- The problem -
If you see a picture in the data below, omit it and copy the rest exactly.

- Collection entries -
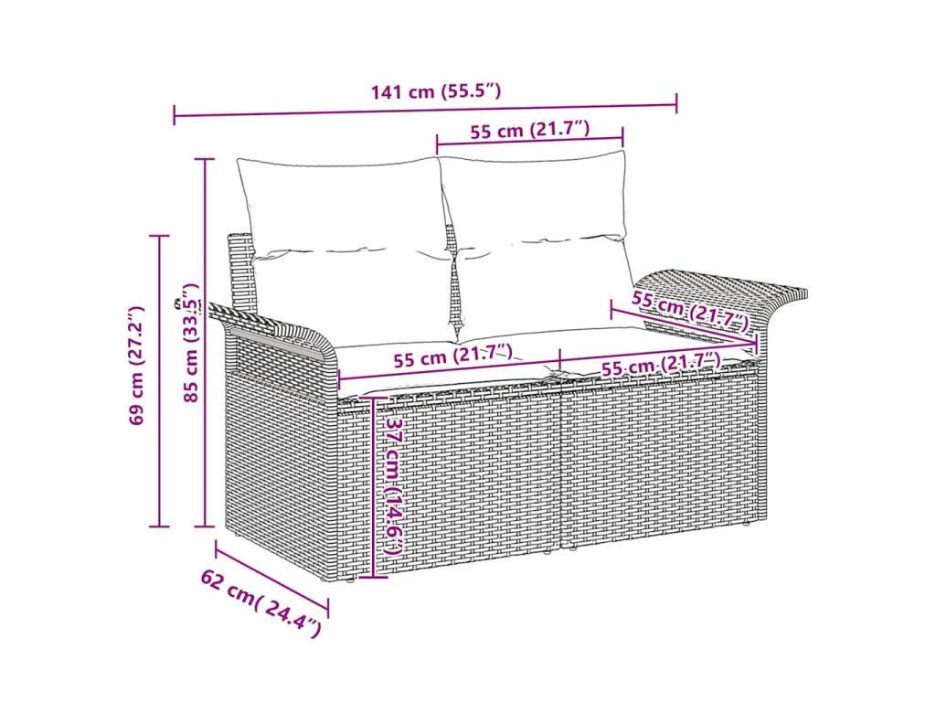 - Odolný poly ratan: Sedací set je vyroben ze syntetického poly ratanu. Tento materiál je vybrán pro svou skvělou kvalitu a UV odolnost, což zaručuje trvanlivé barvy a texturu i pod horkým sluncem. Povětrnostní odolnost poly ratanu dělá z tohoto setu spolehlivou volbu pro dlouhé venkovní užívání. Je to praktické a vypadá to pěkně, doplňuje zahradní prostředí svým tkaným vzhledem.
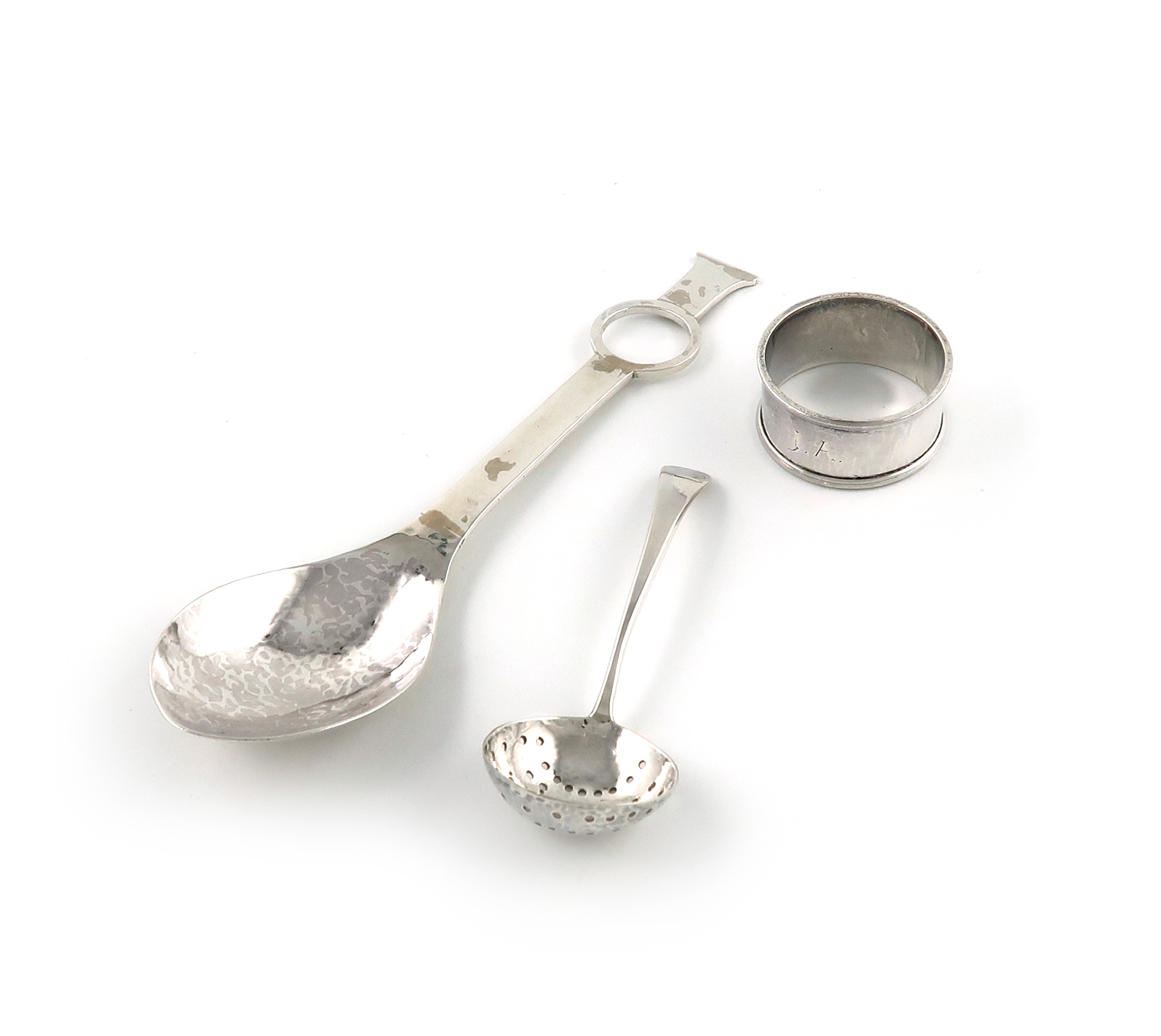 spot-hammered bowl, the stem with a pierced circle, length 20.9cm, plus a napkin ring and sugar sifting spoon by Harry Warmington, London 1956 and 1958, approx. total weight 4.4oz. (3)
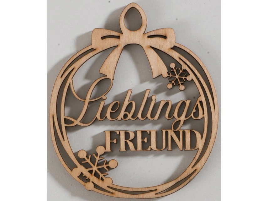 Aus Holz ist dieser weihnachtliche Dekohänger mit Schrift ein dekoratives Element in der Weihnachtszeit.
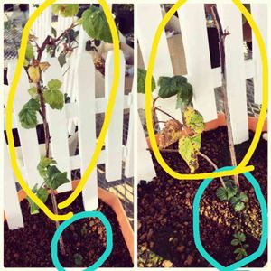 教えてください! 今回、初めてラズベリーの栽培をしたのですが、株元から新芽が出てきました。(水色円) 元々あった枝(黄色円)は、そのまま置いておいていいのでしょうか? それとも切ってしまっていいのでしょうか?
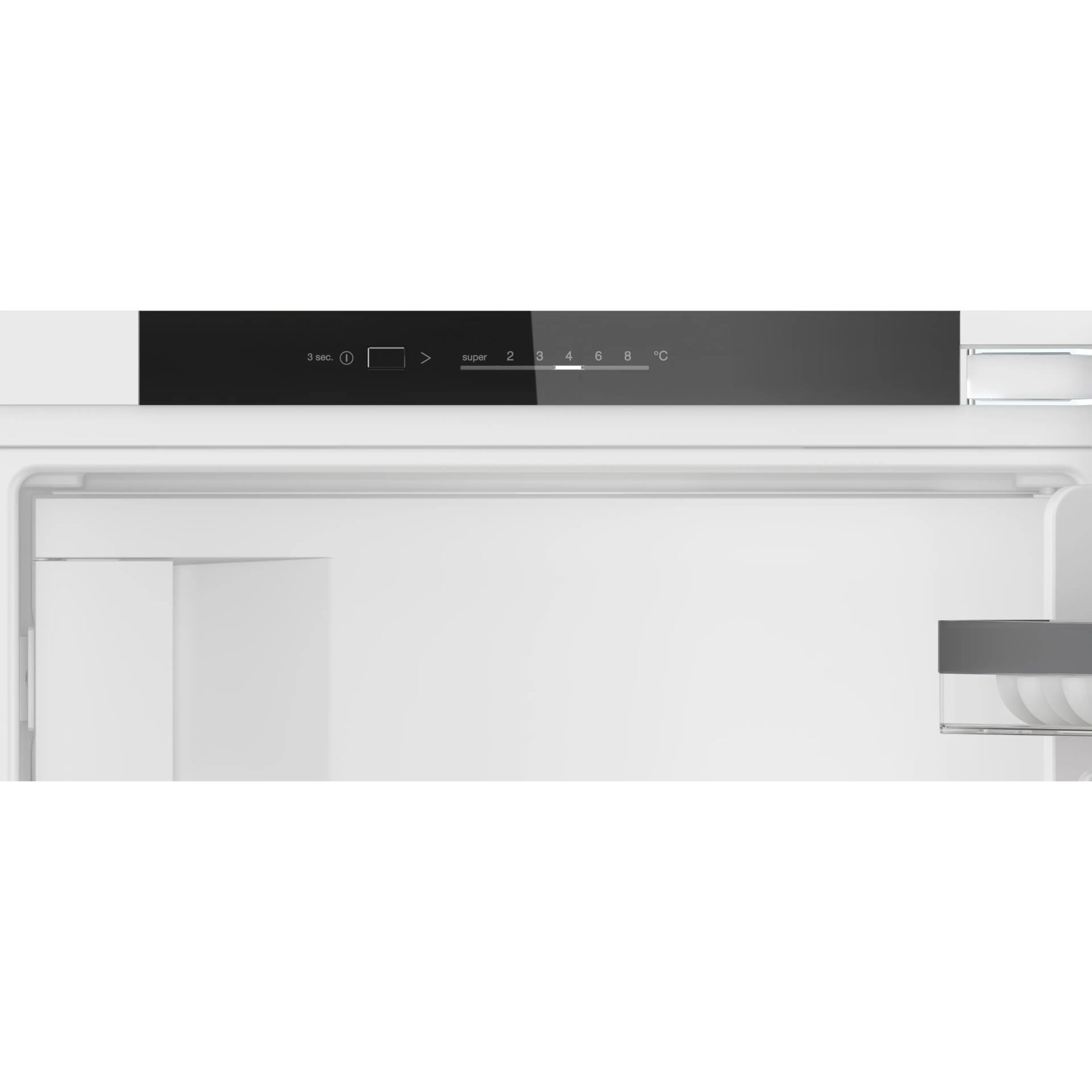 Cu funcția Super Cooling, poți reduce temporar temperatura din frigider înainte de a merge la cumpărături. Astfel, alimentele proaspăt achiziționate sunt păstrate la temperatura optimă. Este suficient să apeși un buton pentru a scădea temperatura cu până la 2°C. Iar pentru a evita consumul inutil de energie, funcția revine automat la setările normale după aproximativ 6-15 ore. În plus, dacă frigiderul tău este conectat, poți activa funcția Super Cooling direct din aplicația Home Connect.
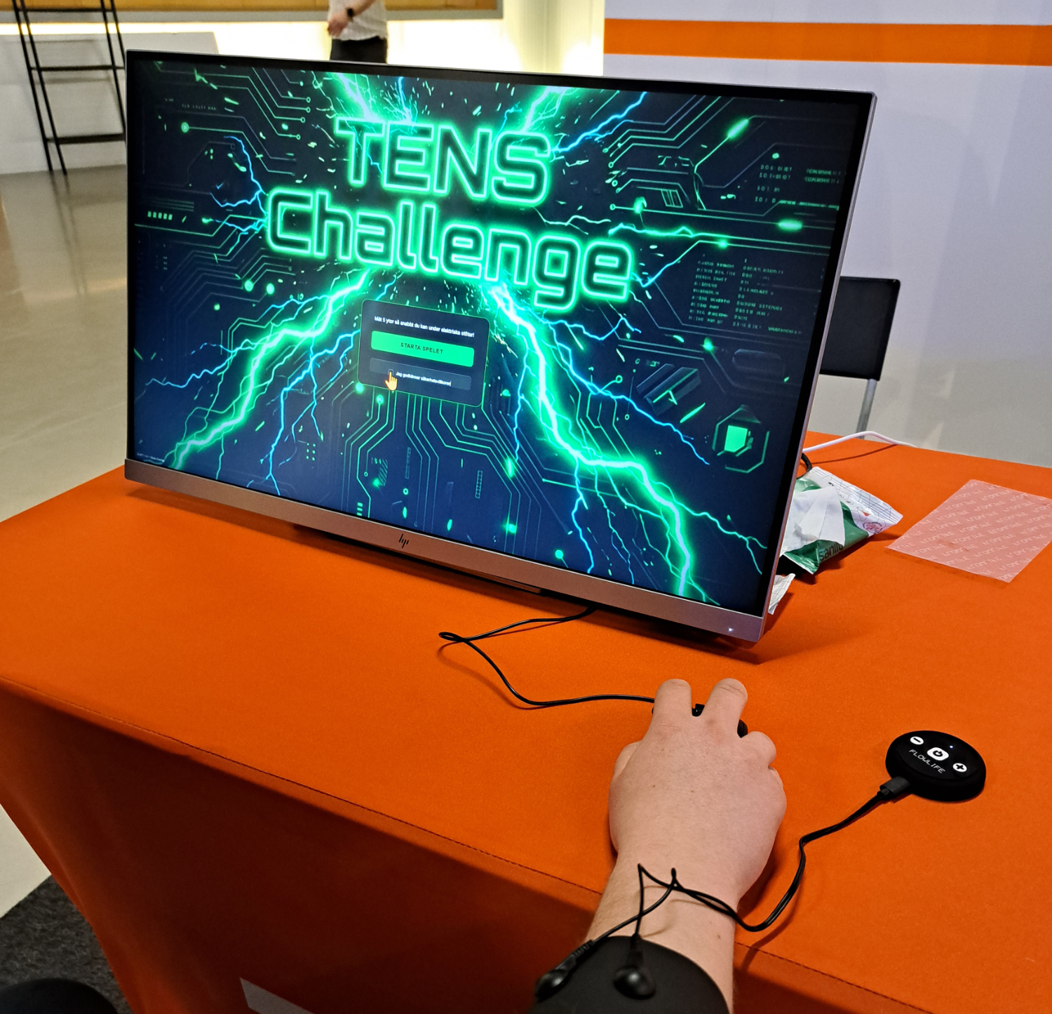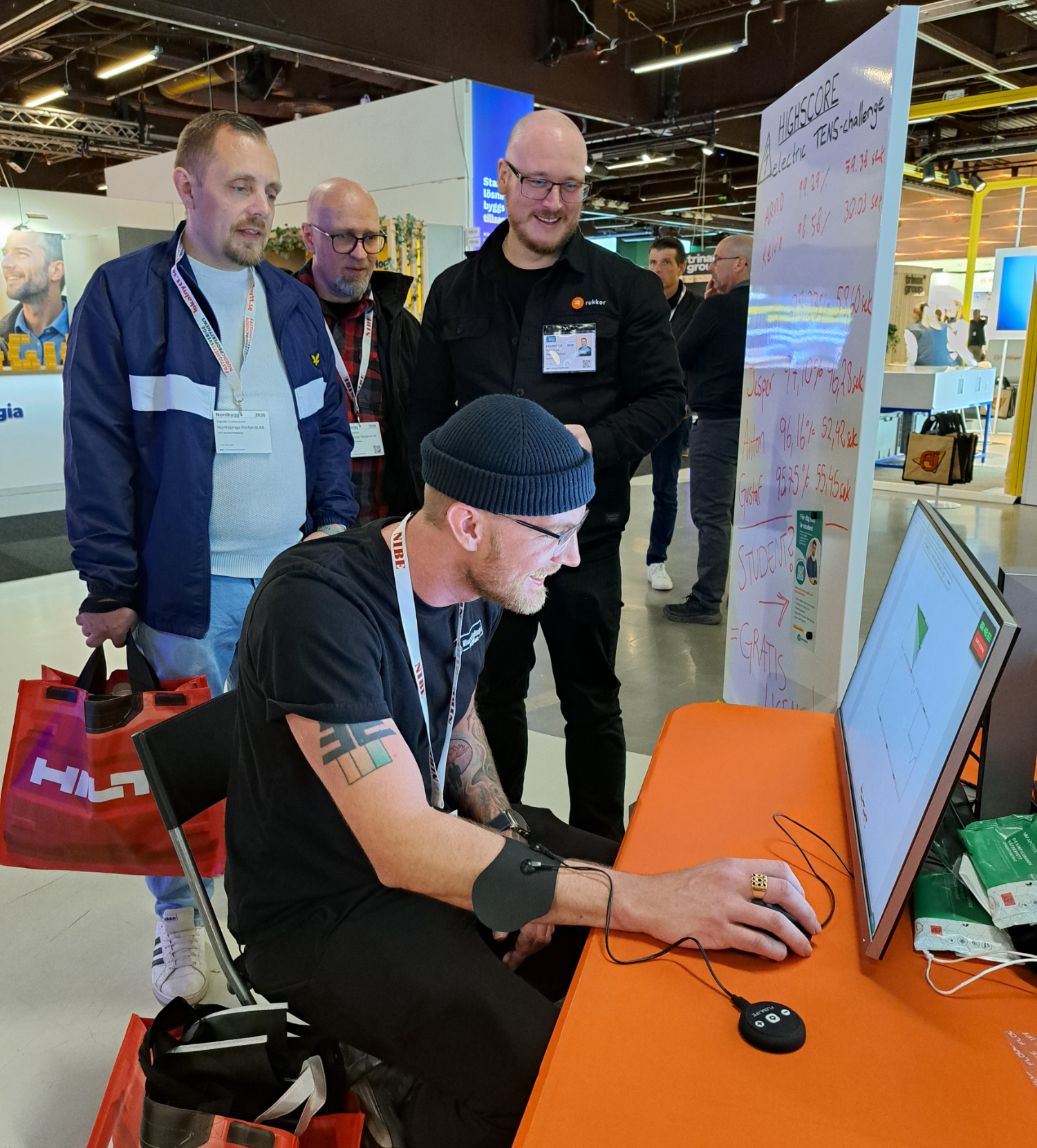 This time, we challenged visitors with a slightly unusual competition. The task was to measure three rooms in our takeoff software Geometra – while wearing a TENS device on the arm causing muscle contractions.
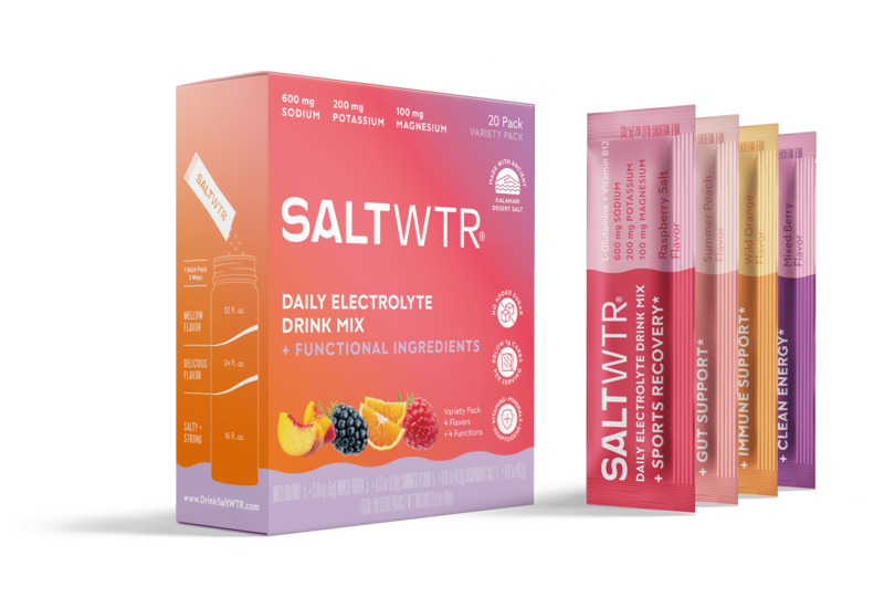 SaltWTR is a dual function electrolyte powder, providing the benefits of daily electrolytes with powerful functional ingredients and trace minerals to replenish and support your body daily, during, and after workouts.

- Solution -
 - Odolný poly ratan: Sedací set je vyroben ze syntetického poly ratanu. Tento materiál je vybrán pro svou skvělou kvalitu a UV odolnost, což zaručuje trvanlivé barvy a texturu i pod horkým sluncem. Povětrnostní odolnost poly ratanu dělá z tohoto setu spolehlivou volbu pro dlouhé venkovní užívání. Je to praktické a vypadá to pěkně, doplňuje zahradní prostředí svým tkaným vzhledem.
 spot-hammered bowl, the stem with a pierced circle, length 20.9cm, plus a napkin ring and sugar sifting spoon by Harry Warmington, London 1956 and 1958, approx. total weight 4.4oz. (3)
 Aus Holz ist dieser weihnachtliche Dekohänger mit Schrift ein dekoratives Element in der Weihnachtszeit.
 教えてください! 今回、初めてラズベリーの栽培をしたのですが、株元から新芽が出てきました。(水色円) 元々あった枝(黄色円)は、そのまま置いておいていいのでしょうか? それとも切ってしまっていいのでしょうか?
 Cu funcția Super Cooling, poți reduce temporar temperatura din frigider înainte de a merge la cumpărături. Astfel, alimentele proaspăt achiziționate sunt păstrate la temperatura optimă. Este suficient să apeși un buton pentru a scădea temperatura cu până la 2°C. Iar pentru a evita consumul inutil de energie, funcția revine automat la setările normale după aproximativ 6-15 ore. În plus, dacă frigiderul tău este conectat, poți activa funcția Super Cooling direct din aplicația Home Connect.
 This time, we challenged visitors with a slightly unusual competition. The task was to measure three rooms in our takeoff software Geometra – while wearing a TENS device on the arm causing muscle contractions.
 SaltWTR is a dual function electrolyte powder, providing the benefits of daily electrolytes with powerful functional ingredients and trace minerals to replenish and support your body daily, during, and after workouts.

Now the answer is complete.